When my sister (cousin but closest) shifted to Dubai, I started writing letters to her and my aunt. They would appreciate my writing and effort. Several years letter, my closest best friend was to notice my writing skills in the letters that I wrote to her. And I started writing essays and poems. This was still just open to her review, no one else could see it.
Although reading books seriously happened very late, I had gotten into the habit of reading newspapers early on. I used to wake up and see my grandpa reading one on his bed with legs crossed and hands on his lap. I would slide between his arms and his lap, like a puppy and read what he was trying to read and ask him infinite questions about everything I didn’t understand, which was basically everything.
Speaking in English came only, during college. In spite of my liking for Arts, I took Commerce because of course, Arts was unthinkable for someone who had scored more than 85% in boards. I knew that my vocabulary was good and grammar too, speaking in English was intimidating, especially with people from better schools. And everyone was pretty much from a better school where they had debates, elocution, theatre, and what not.

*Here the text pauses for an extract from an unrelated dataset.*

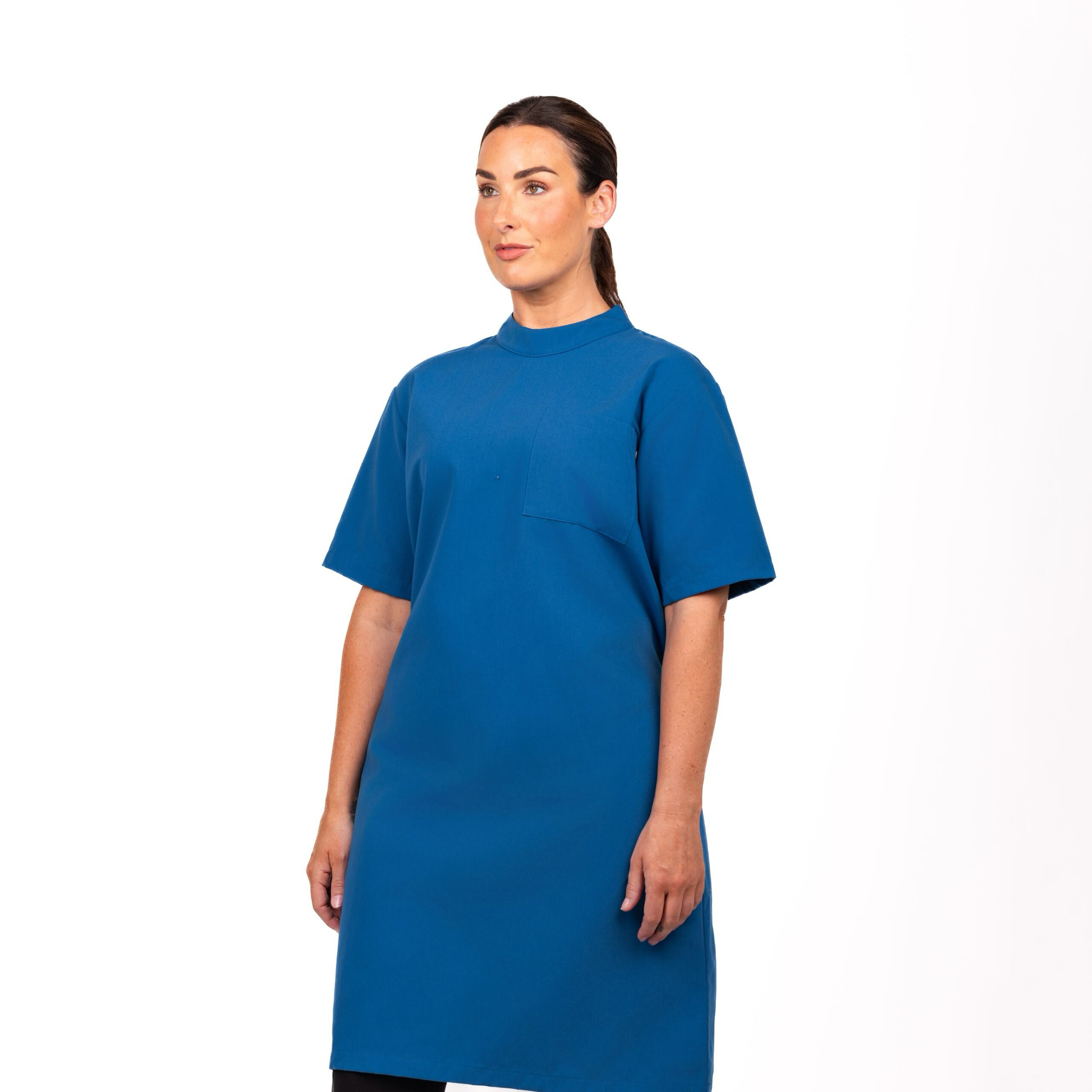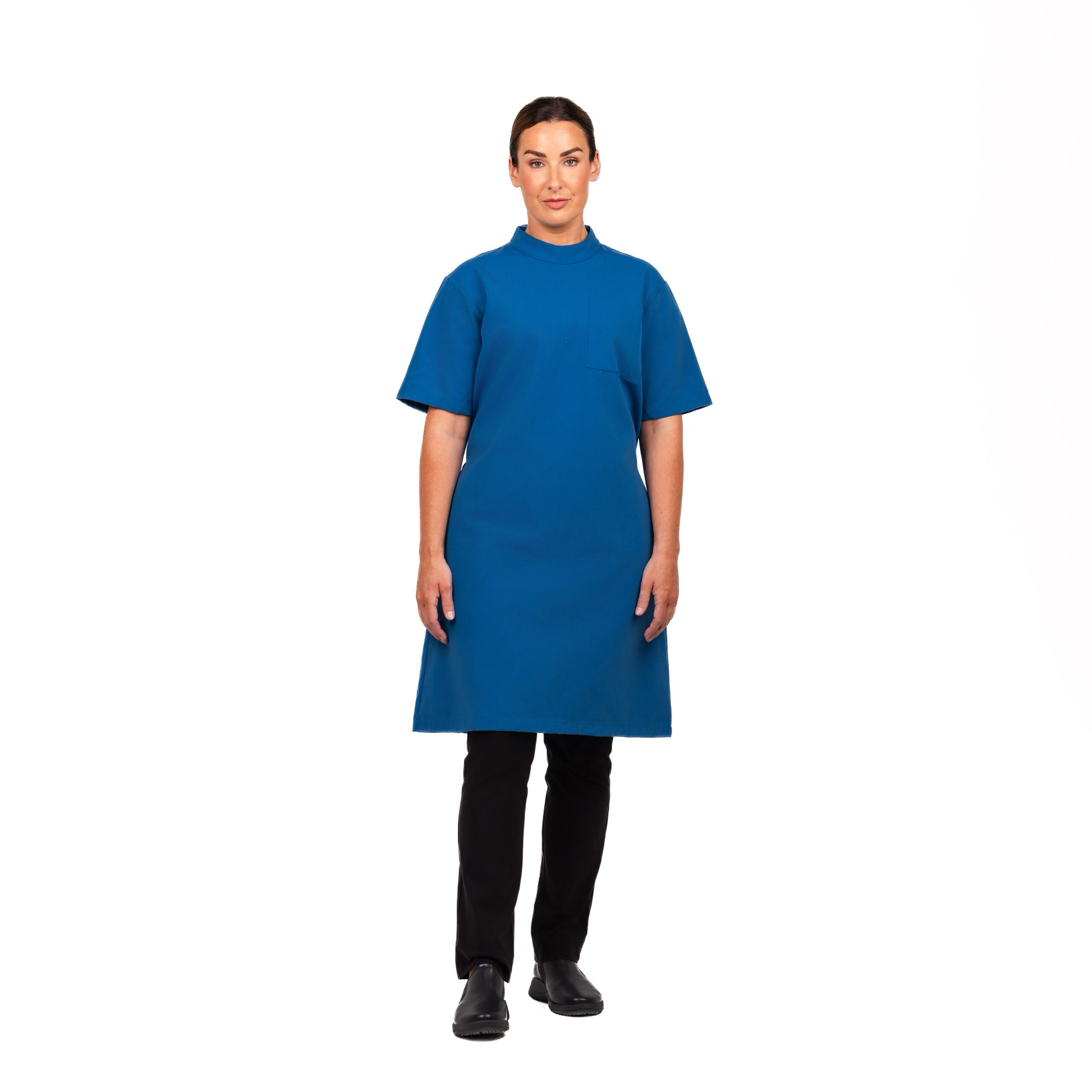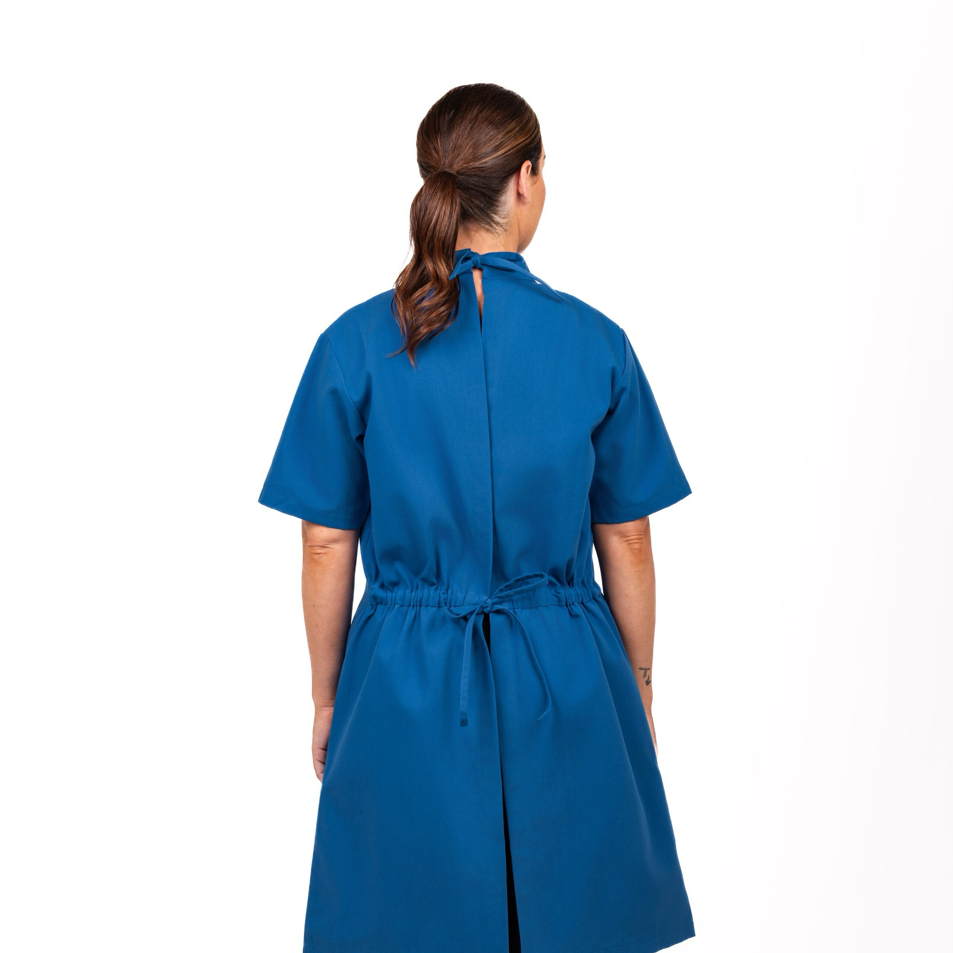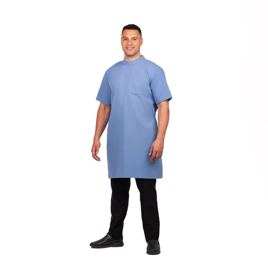 Our Washable Dental Gown has short sleeves and adjustable ties at back waist and neck for the perfect fit. Providing knee length coverage against splatters and stains while working.

It took me a year to even participate in one elimination round. The first contest I appeared for in the first year was the elimination round of personality contest (like a silly person) and obviously, I didn’t get selected. In the second year, my best friend signed me up for a debate competition, without telling me. I got selected too. That was a turning point. During the second and the third year, I participated in everything I had always thought I could never do. It just liberated me.
It’s quite bewildering how good English speaking and confident communication can take you places these days, and how the lack of it can make everyone around unfairly judgmental. There was a time in college when I had become a Grammar Nazi, trying to correct everyone’s mistakes and such irritating things. I regret doing that, until this day. I keep a tab on this bad habit even today and resist the urge.
Unless it is a part of your job, why seek an incredibly narcissistic perfection in English, which is your colonizer’s first language? We must remind ourselves that a language is primarily meant to communicate and express emotions. It is okay to politely correct someone but at least here in India, the people whom you mentally downvote as stupid and unintelligent just because they make grammatical errors in the English language could be experts in some other language or a topic that you may have no idea about.
Although I feel the obsession for English is a colonial and now global inferiority complex, over the years I’ve perhaps started to think in English. Whatever the case may be, I have no guilt and take no pride of the same. It’s called adapting to your surroundings, whichever person has to do. But going down the memory lane with it, was a nice experience. What’s your story with English or a new second language? Would love to know.